I only know a few scant facts about my great-grandfather, James Daynes. I believe he was born in England in 1822, but came to San Diego as a teen. He became a naturalized citizen of the USA in 1844. He homesteaded his ranch about that time, and his nearest neighbor was E. W. Scripps. He listed his occupation as ‘gardener’, and he did a lot of work for E. W., including planting the original eucalyptus trees that started the groves that remain to this day.

Sometime around 1900, he traded the ranch land to Scripps for property on Fay Street in La Jolla and moved his family there. In those days, La Jolla was a humble village with cobblestone streets, and not the hoity-toity town we know today.

One of my favorite childhood memories was from an afternoon walk in 1960 in the company of my father and my grandfather. The builders had completed the construction of the dam for the lake, but they hadn’t brought in the fill-water yet.
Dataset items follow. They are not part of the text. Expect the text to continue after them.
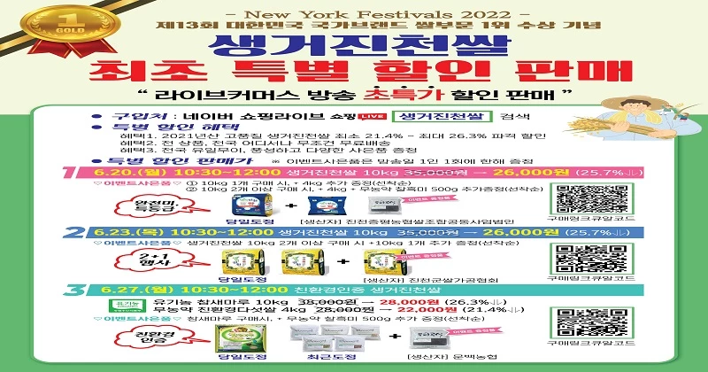 이와 함께 2차 방송 생거진천쌀 10kg 2개 구매 시 선착순 10kg 1개 추가 증정, 3차 방송 참새마루 10kg 구매 시 선착순 무농약 찰흑미 500g을 증정할 예정이다.
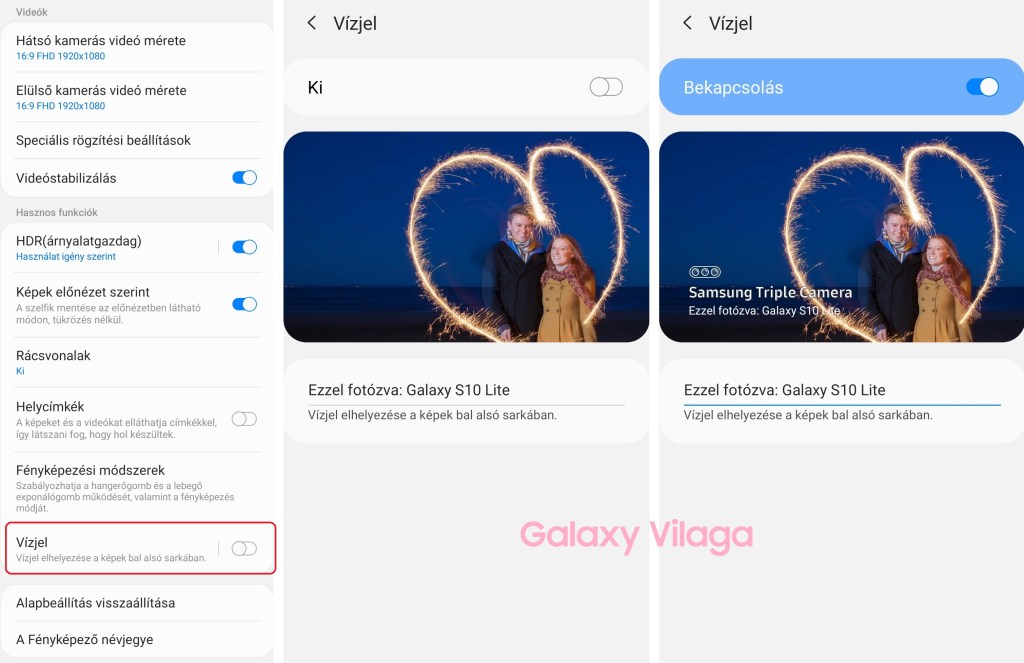 Tehát ugyanitt, mármint a kamera beállításainál találni fogsz egy „Vízjel” almenüt, amibe belépve tudod aktiválni a lehetőséget. Mutatnám fotó formájában a folyamatot:
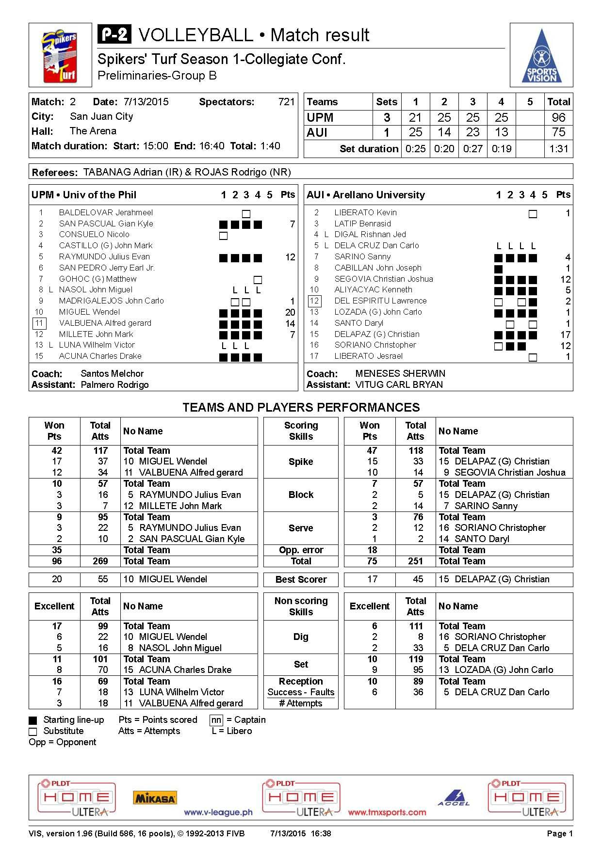 3-1 | 21-25 | 25-14 | 25-23 | 25-13 | 96-75 | P2 | ||
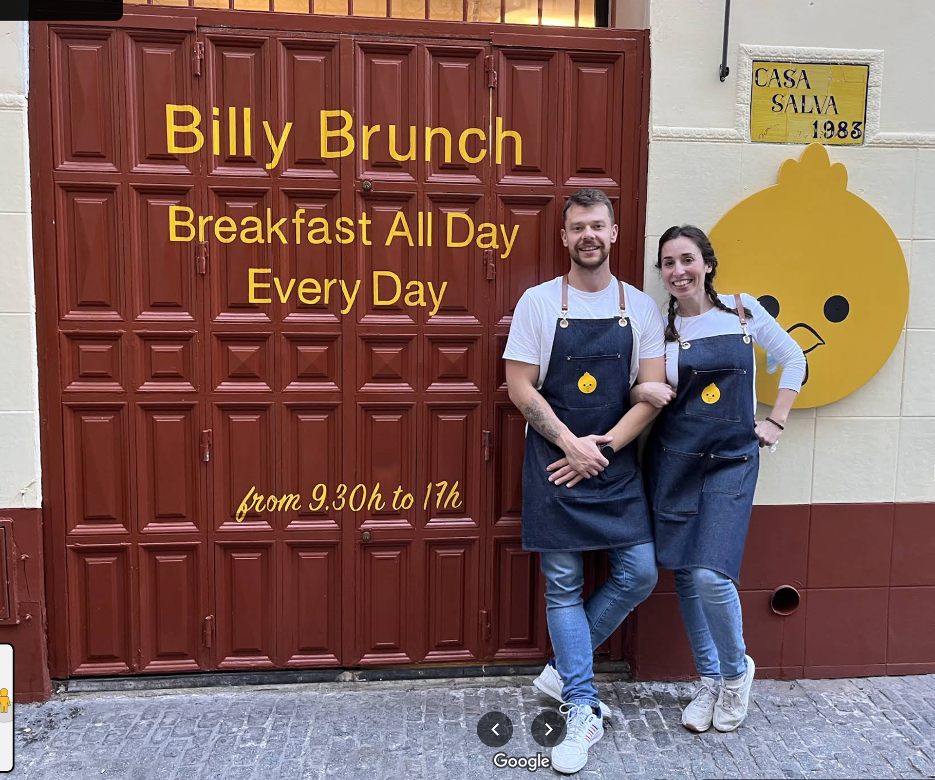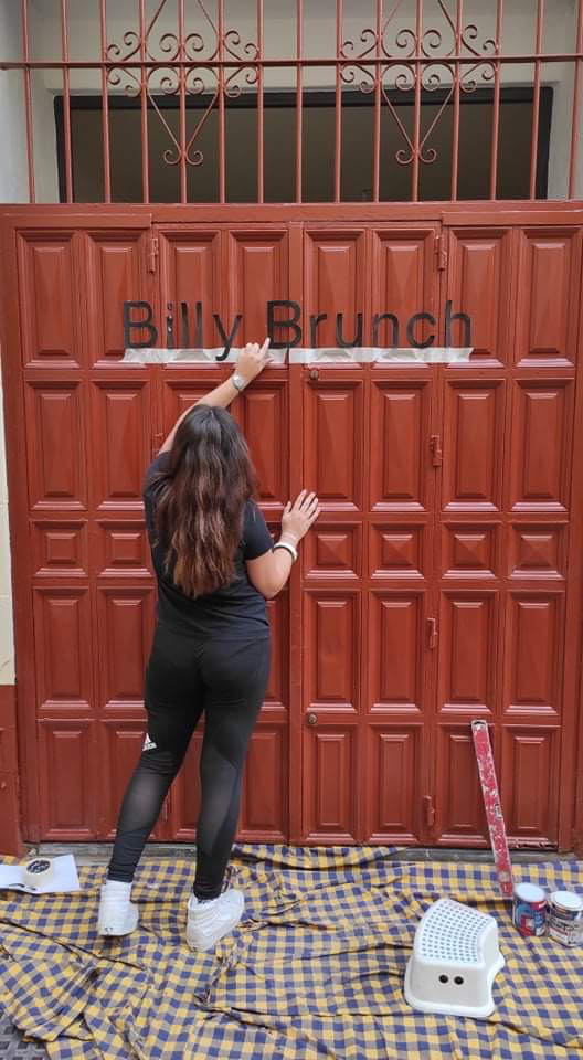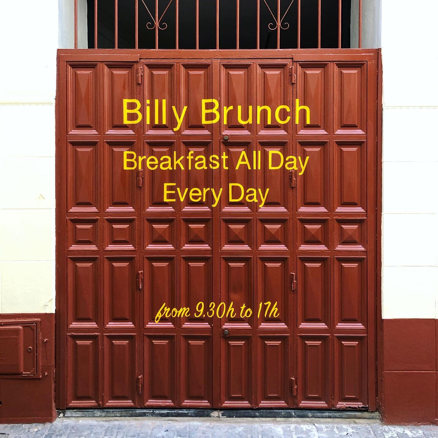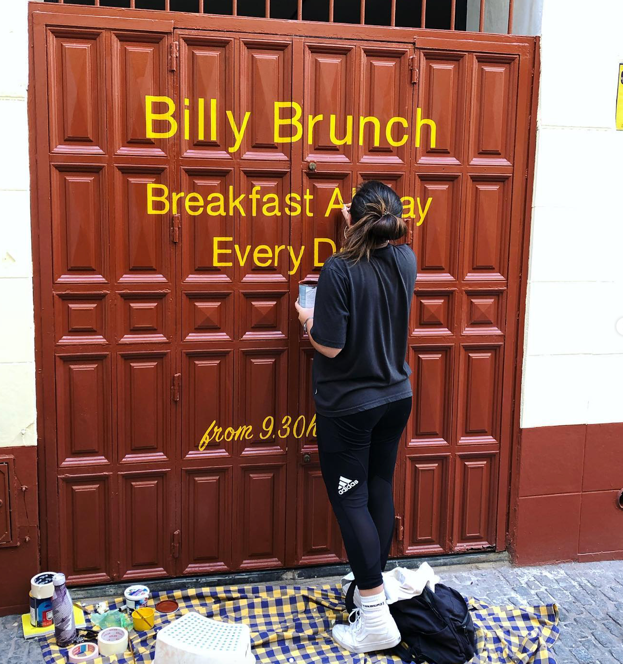 Billy Brunch is a restaurant chain across Spain, and I was asked to paint the front door sign for their Seville spot. The design was set in Helvetica, but with the bottom line in a script style to give it a warmer, more personal touch. Pulling it off wasn’t straightforward – yellow type on a red background, painted over an old textured door, under the Seville heat – but the end result balanced clean typography with a bit of hand-done character.
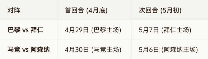 2025-26赛季欧冠四强已尘埃落定,拜仁慕尼黑、巴黎圣日耳曼、阿森纳、马德里竞技捉对格杀。半决赛首回合将于下周开打,这不仅是技政策的博弈,更是心态与赛程的终极考研。
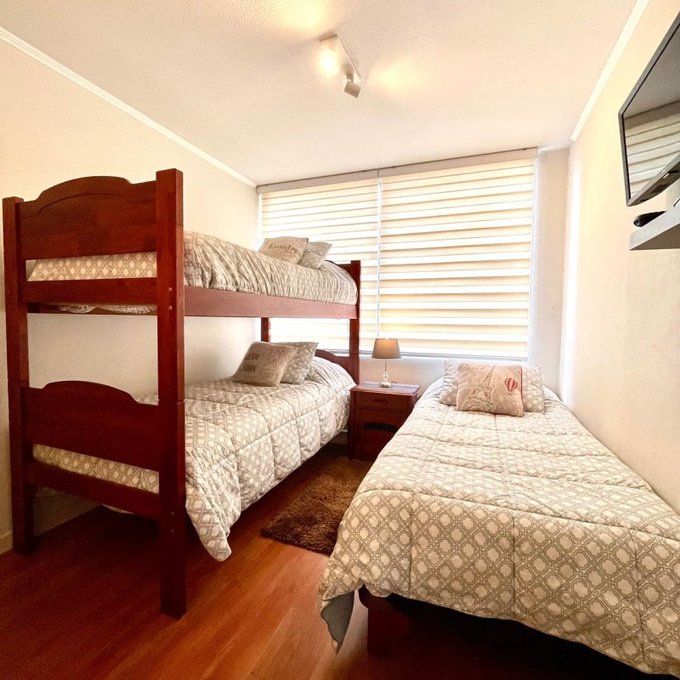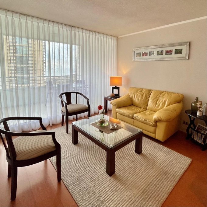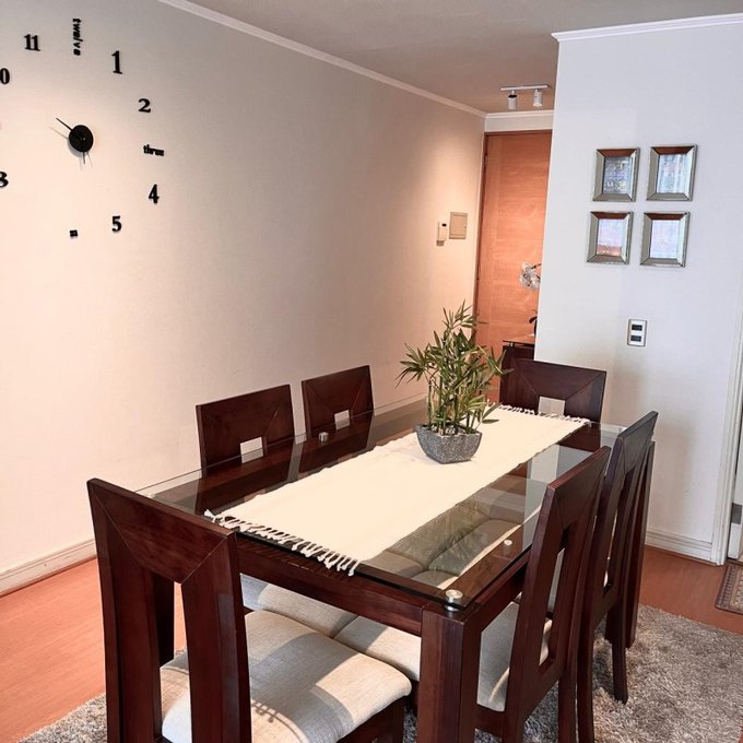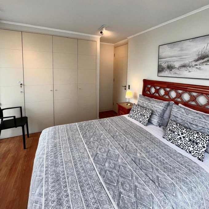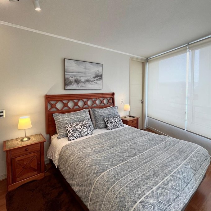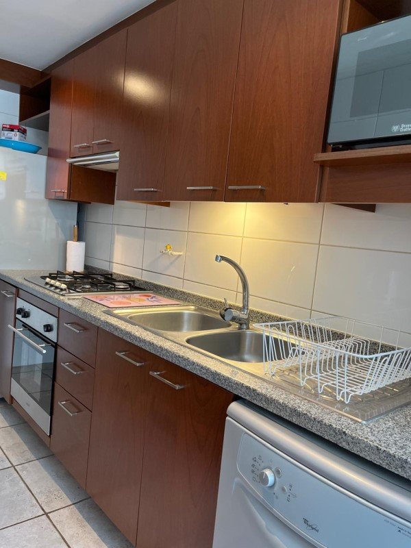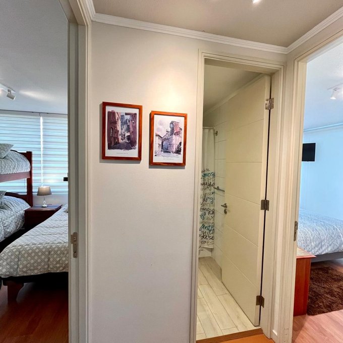 La propiedad cuenta con: 2 dormitorios con clóset (principal en suite) y 2 baños. Dispone de una amplia cocina tradicional amoblada y equipada a gas natural, con comedor de diario, ventilación natural y campana, en impecable estado. El living-comedor se integra a una acogedora terraza con malla de protección y ventanales con cierre, ideal para disfrutar durante todo el año. Presenta piso flotante en dormitorios y living-comedor, cerámicos modernos en baños, ventanas con mallas de protección, focos y lámparas modernas, además de cortinas roller y blackout en dormitorios. Incluye cerradura electrónica con conexión WIFI. Superficie total de 81 m. Cuenta con estacionamiento y bodega.

Three generations of us hiked down to the site of the old ranch, and my grandfather dug up a rose from his 1889 birthplace. That 140-year-old rose continues to grow at my Poway home, where my grandfather transplanted it more than six decades ago.

Sometimes I visit this modern reservoir and photograph birds. Sometimes I visit to enjoy its ambiance. But I always remember my grandfather and the stories he would tell us about growing up on that now inundated ranch.